I put every thing in as called for and let it all mix in the bread machine.  It rose and baked.  So far, so good.  VERY yummy out of the machine in the evening, excellent in the am for toast.

By that evening, it had developed a weird fishy odor and had turned slightly greyish at the top of the loaf where I assume it had baked the least.   What happened?  Was my buttermilk or butter off?  Please help, I am stumped.

The second morning, it was even greyer and yuckier smelling and I pitched the whole lot.


----------



## Bolas De Fraile (Apr 28, 2012)

I make a lot of soda bread but not in a machine. It does smell different to yeast bread but not as you describe.
I would hazard a guess that you had secondary fermentation because it was not fully cooked


----------



## Steve Kroll (Apr 28, 2012)

Did you use any kind of oil in the recipe? I find that some oils (canola, for example) have kind of a fishy aroma when cooked.

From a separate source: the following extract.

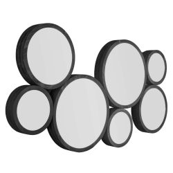Se fijan siete espejos circulares de diferentes tamaños, encerrados en marcos de madera de pino teñida de negro .
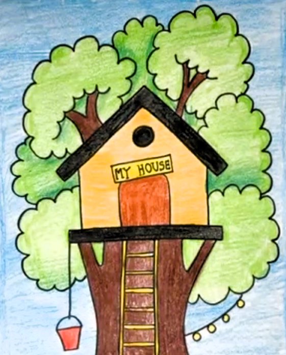 In this imaginative pre-recorded drawing session, kids will learn how to create a cozy and colorful treehouse nestled among lush green trees. With easy-to-follow steps, they’ll draw a tall tree with a ladder leading up to a charming little house labeled “MY HOUSE,” complete with a slanted roof, wooden door, and hanging bucket. The artwork is filled with playful details like fairy lights and bushy leaves, encouraging storytelling and creativity. Young artists will explore shapes, layering techniques, and coloring skills, while enjoying a whimsical world they build with their own hands. A perfect session to boost creativity and fine motor development! 🌳🏠✨

Bolas could be onto something with his fermentation theory, too.


----------



## GLC (Apr 28, 2012)

It's not an unknown problem. Some people interpret the odor as soapy. Some as fishy. One proposed cause is failure to thoroughly mix in the soda, either lack of stirring or lumpy soda. But the real question is why the odor. I have a notion about that, and I think there really are two different odors that can form.

Alkali and fat, under the right conditions, make soap. It's called saponification. And alkaline water environment can turn a body to soap. The most common soap making technique is the "hot process." In hot process, the fat moves through the intermediate step of fatty acid to soap very quickly in the pot. There's a cold process, too, that takes longer. Soap making can result in failures to complete the conversion. 

Soda bread dough is hardly an ideal mixture for saponification, but the components are there, with enough heat to begin it and enough other ingredients to make it fail as a soap recipe. Every soda bread recipe has soda and fat of some kind. You certainly can make soap with butterfat. An excess of soda or areas of concentrated soda acting on the fat, especially if the dough is altogether poorly mixed and soda lumps exist intimately with pure fat lumps. Fatty acid decomposition in some vegetable oils is a significant storage problem, and one of the bad effects is fishy odor. Soda is not a strong enough alkali to efficiently complete the process. So, it's not unreasonable that a forming of fatty acid and subsequent decomposition, accelerated under baking conditions, could produce fishy or soapy odor.  Which you produce may depend on just how far the saponification process proceeds, when conditions are present for it to begin. 

The solution is to measure the soda accurately, and mix it well, sifting if needed.


----------



## Greg Who Cooks (Apr 28, 2012)

Very interesting and well thought out theory GLC.


----------